Impressively and to the credit of MPs, the Public Elections Bill was passed into law without the major contested and suspicious bits such as the proposals to use the National Identification Number (NIN) for voter registration purpose and the Proportional Representation (PR).

MP’s credibility and capacity had been questioned when a top SLPP government officer alluded to an unfounded and baseless claim on the mainstream media that theirs is a Parliament of buffoons, when making a case that the PR system will encourage a rich human resource Parliament.

In turn, MPs have restored their credibility by demonstrating high level attentiveness and responsiveness to the demands of their electorates. They carefully cherry-picked all the reactionary bits from the Public Election Bill before passing it into an Act of Parliament.

But it wasn’t all over yet: For an obdurate government under the leadership of a known dictator and autocrat, for him, the effort of the MPs may just be a step backwards. On the backdrop that his government, from the onset, ministered and facilitated a rigged election of the Speaker of the House of Parliament through an unprecedented act of violence in which 68 MPs of the All Peoples Congress (APC) party were manhandled and kicked out of the Well of Parliament to enable a lopsided election of the Speaker, serious operatives of the ruling Sierra Leone People’s Party (SLPP) government believe that President Bio has the last ace up his sleeve; that he will come back swinging with the PR system in the form of a proclamation.

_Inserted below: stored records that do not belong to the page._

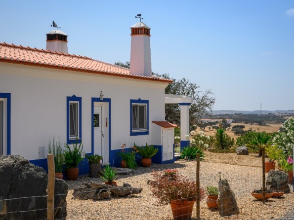 Situated on 40ha of private land, surrounded by its fenced-in garden and patio, two terraces with built-in BBQ. Views over fields with lots of ancient oak trees. At times the lake reaches right up to the property. The pool is set in a separate garden, 50m from cottage with a nice pergola, surrounded by nature with stunning views.Acres of rolling plains are home to the famous cork oak trees and, once known as the bread basket of Portugal, huge undulating acres of green turn to golden brown in the summer months as the grains ripen.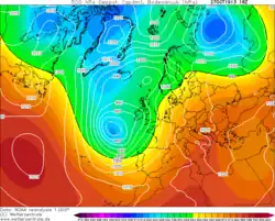 A rapidly deepening low-pressure extratropical cyclone tracked quickly south on the afternoon of 27 October. The central pressure of the system was 990 millibars (29 inHg) at midnight on the 27th,[6] deepening to 975 millibars (28.8 inHg) by 18:00.[7] The low pressure helped to sustain a stream of strong southerly winds, as in days previous,[8] sustaining significantly warmer than average conditions. Temperatures were widely reported over 21 °C (70 °F) in some places.[9] Active weather fronts arriving from the Atlantic Ocean resulted in the instability needed to cause such tornadoes. The low pressure brought cooler air to the country by the 31st.[10]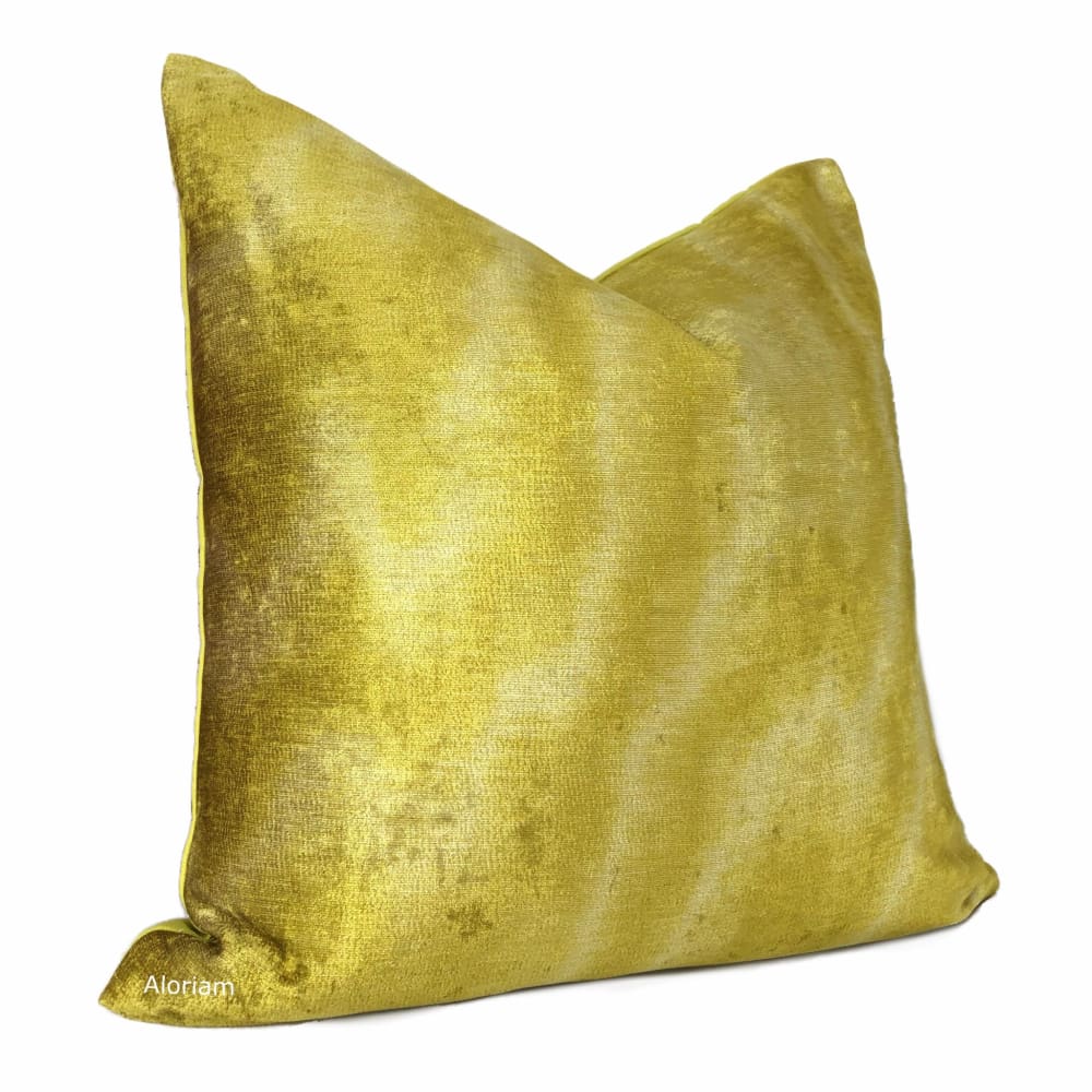 Zinc Textile Jacopo Chartreuse Tonal Moire Velvet Pillow Cover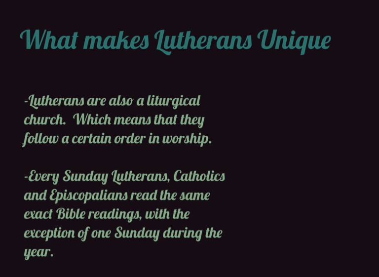 -Every Sunday Lutherans, Catholics and Episcopalians read the same exact Bible readings, with the exception of one Sunday during the year.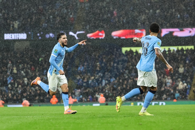 Rayan Cherki of Manchester City celebrates his goal to make it 1-0 during the Carabao Cup Quarter Final match Manchester City vs Brentford at Etihad Stadium, Manchester, United Kingdom, 17th December 2025, Credit:Mark Cosgrove/News Images / Avalon
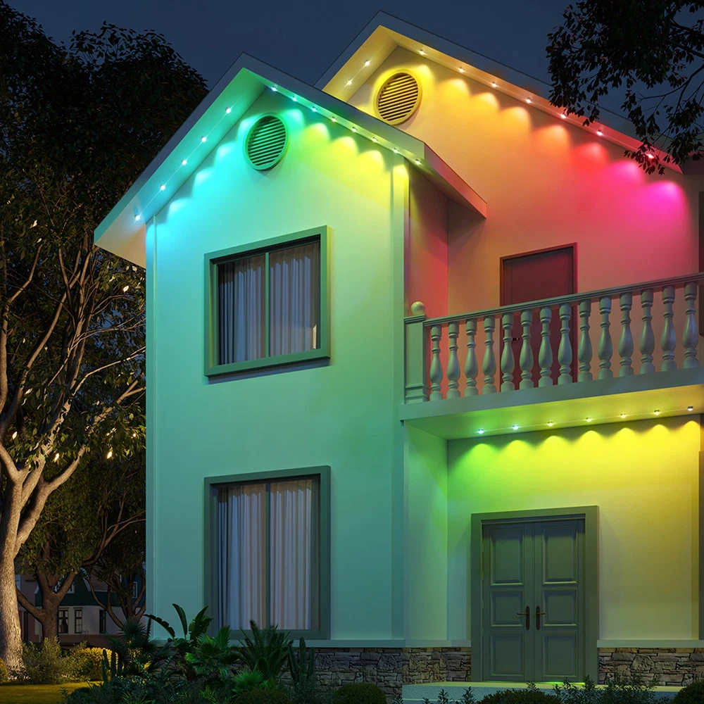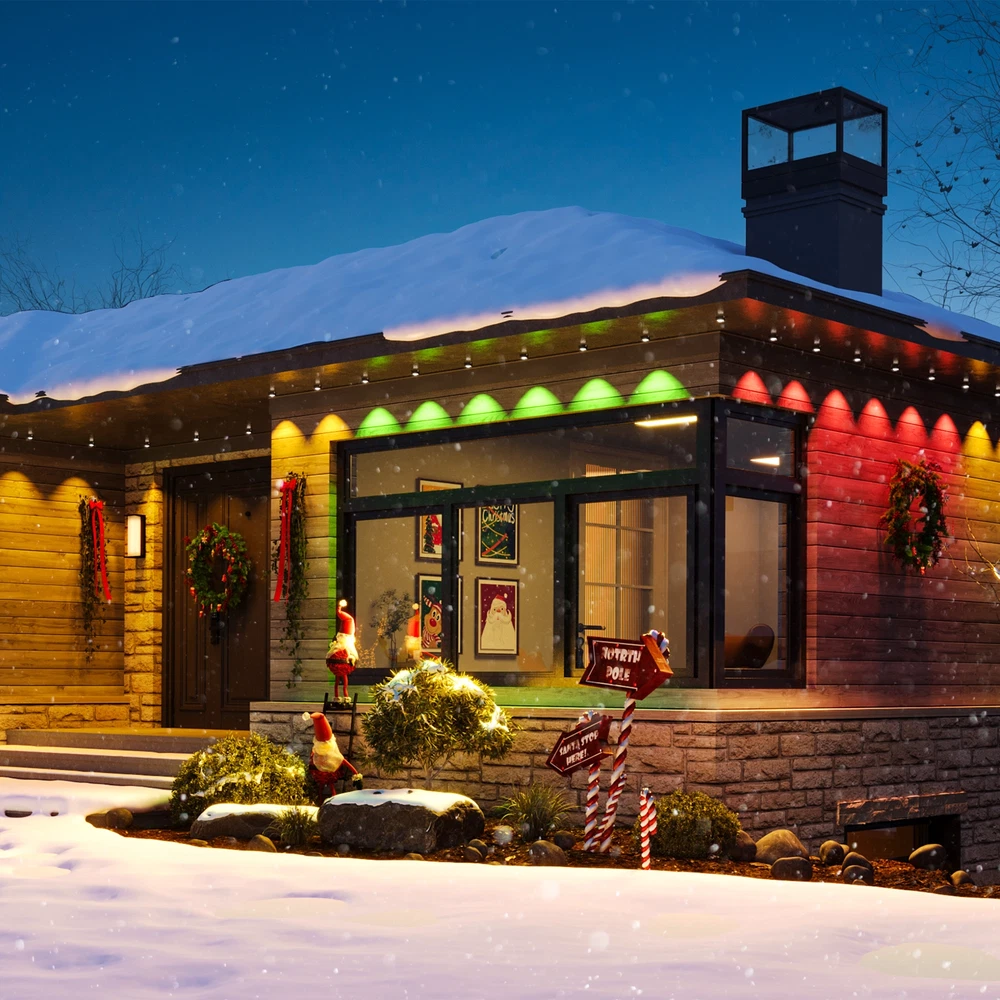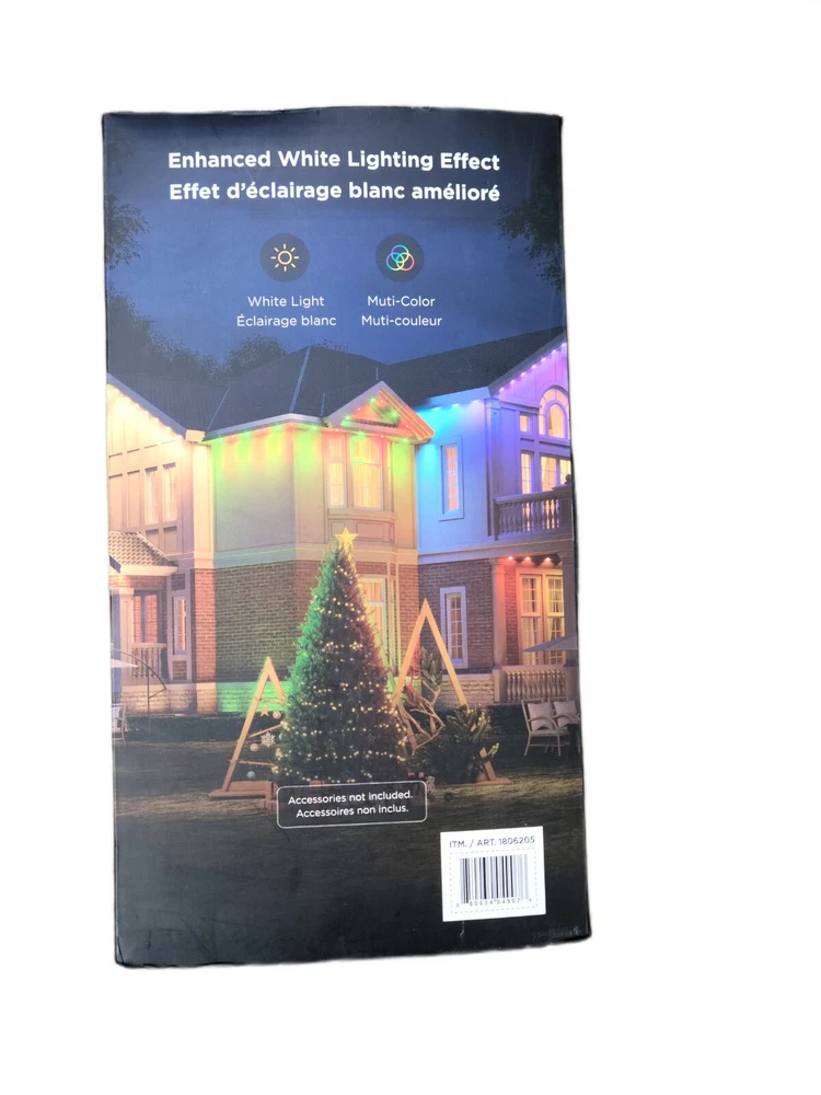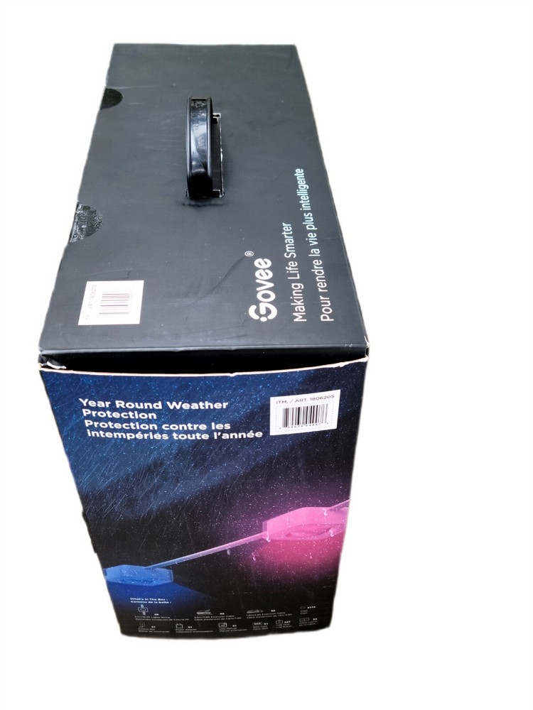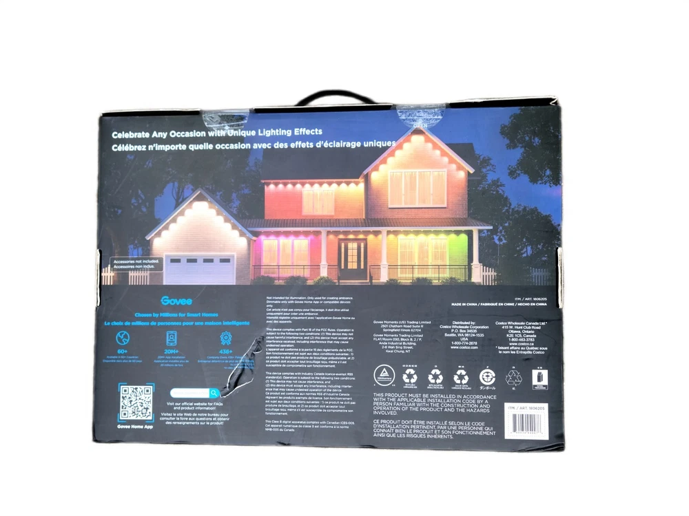 Govee 150ft Permanent Outdoor Lights Elite, Smart Festive RGBIC Lighting Features: Festive RGBIC Lighting Eye-Catching Lighting Effects Outdoor Durability Smart App & Voice Control Simple Installation Item # 1870005 Item Description Govee Permanent Outdoor Lights Elite Short Features Festive RGBIC Lighting; Eye-Catching Lighting Effects;Outdoor Durability; Smart App & Voice Control; Simple Installation Introduction Paragraph Adorn your home with a set of decorative permanent outdoor lights designed for any occasion. Install on the eaves, fences, or corridors to create visually appealing home decor. Features ✓Festive RGBIC Lighting Effects: Inspired by nature and holidays. ✓Outdoor Durability: The string lights are IP67 water resistant with an IP65 control box. Made from anti-UV material. ✓Eye-Catching Lighting Effects: Reveal a unique triangular lighting effect. ✓Simple Installation: Use the provided VHB glue and clips to install each light in 8 seconds. ✓Multiple Controls: Control via Govee Home App or voice assistants. ✓Matter-Enabled: Matter allows compatibility with major smart home ecosystems, providing more ways for users to customize and future proof their smart homes. Includes ★ 5.1m/16.7ft Lights String x9 ★ 3.6m/11.8ft Extension Cable x2 ★ 1.2m/3.9ft Extension Cable x2 ★ Clips x114 ★ Control Box x1 ★ Power Adapter x1 ★ VHB Tape x27 ★ Cable Clamp x3 Specifications Dimensions (L × W × H/D): 39.7cm × 15.3cm × 28.4cm ( 15.63 in. × 6.02 in. × 11.18 in.) Weight: 4.85 kg (10.7 lb.) Warranty 1 year limited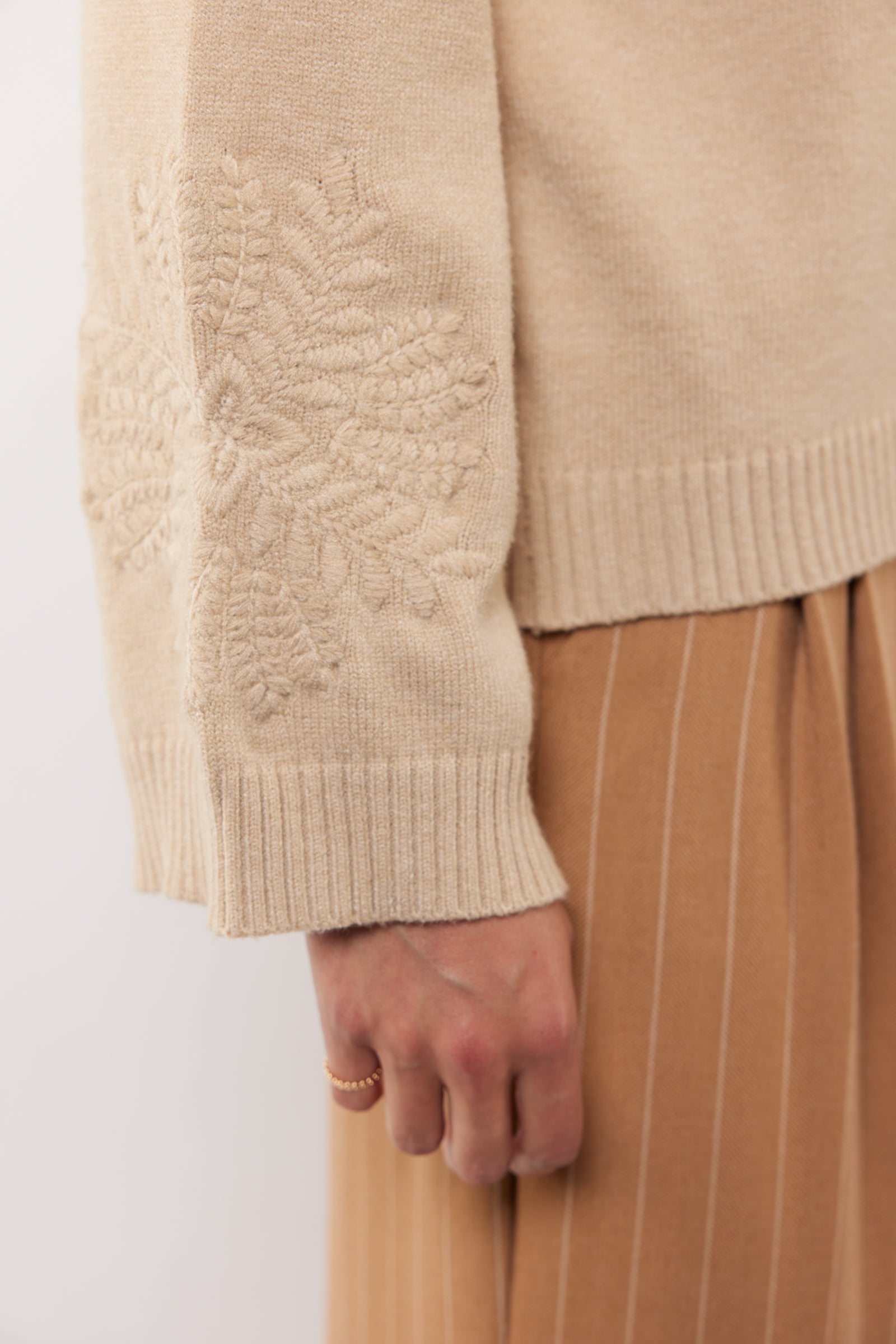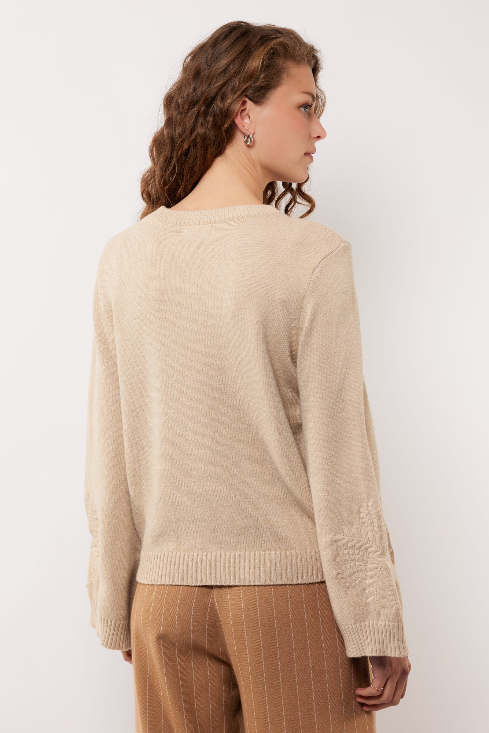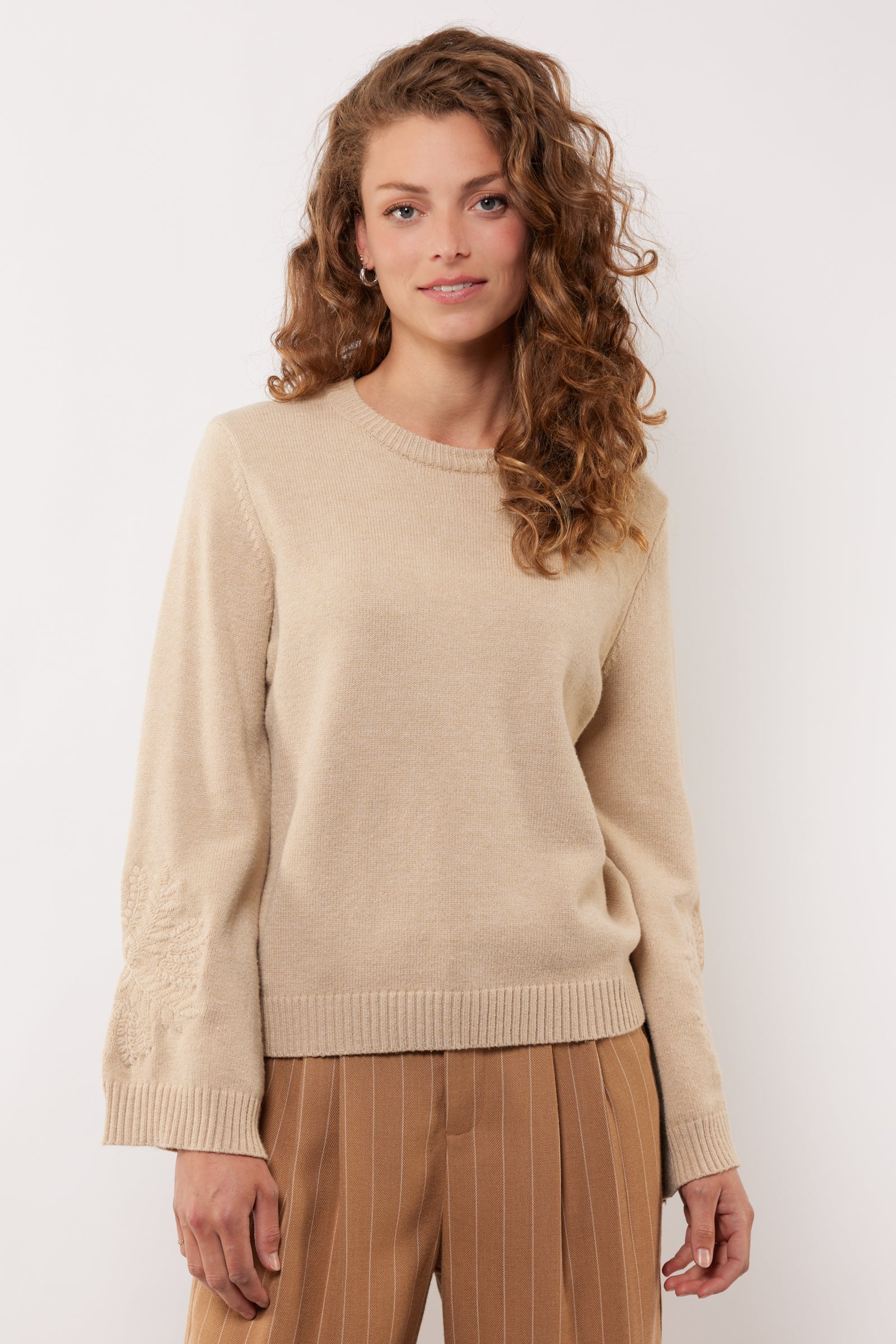 Trui Shonda Knit Wood Ash van G-maxx is een stijlvolle knit met wijde mouwen en ton-sur-ton geborduurde details. De rechte fit en ronde hals geven de trui een moderne touch. Perfect voor een cozy en classy najaars look!

Since that brutal election of the illegal Speaker of Parliament, President Bio’s government has become notorious for constitutional breaches, rigging of bye-elections and perpetuating electoral violence, committing crimes of human rights abuses, ordering arbitrary arrests, police brutality and giving a blind eye to extrajudicial killings of dissenters.

In all of these, the Judiciary has been a willing corroborator on the bench, presiding over trump up charges against and legitimizing arbitrary arrests and remand of opposition politicians as well as the infamous judgement in the removal of ten APC party MPs from Parliament and their replacement with Court appointed MPs.

Outside of Parliament, line ministries, departments, commissions and agencies are on a second track in preparedness to pull off President Bio’s election winning stratagems by any means necessary. Wearied citizens of hardship and unbearable cost of living are demanding change, but apprehensive that the Electoral Commision for Sierra Leone (ECSL), the Statistics Sierra Leone (Stats-SL) and the National Civil Registration Administration (NaCRA) as well as senior officers of the security sector are all on the third track poised to dash the hopes and aspirations of the citizenry for change by rigging the 2023 elections in favor of President Bio if not stopped in their tracks.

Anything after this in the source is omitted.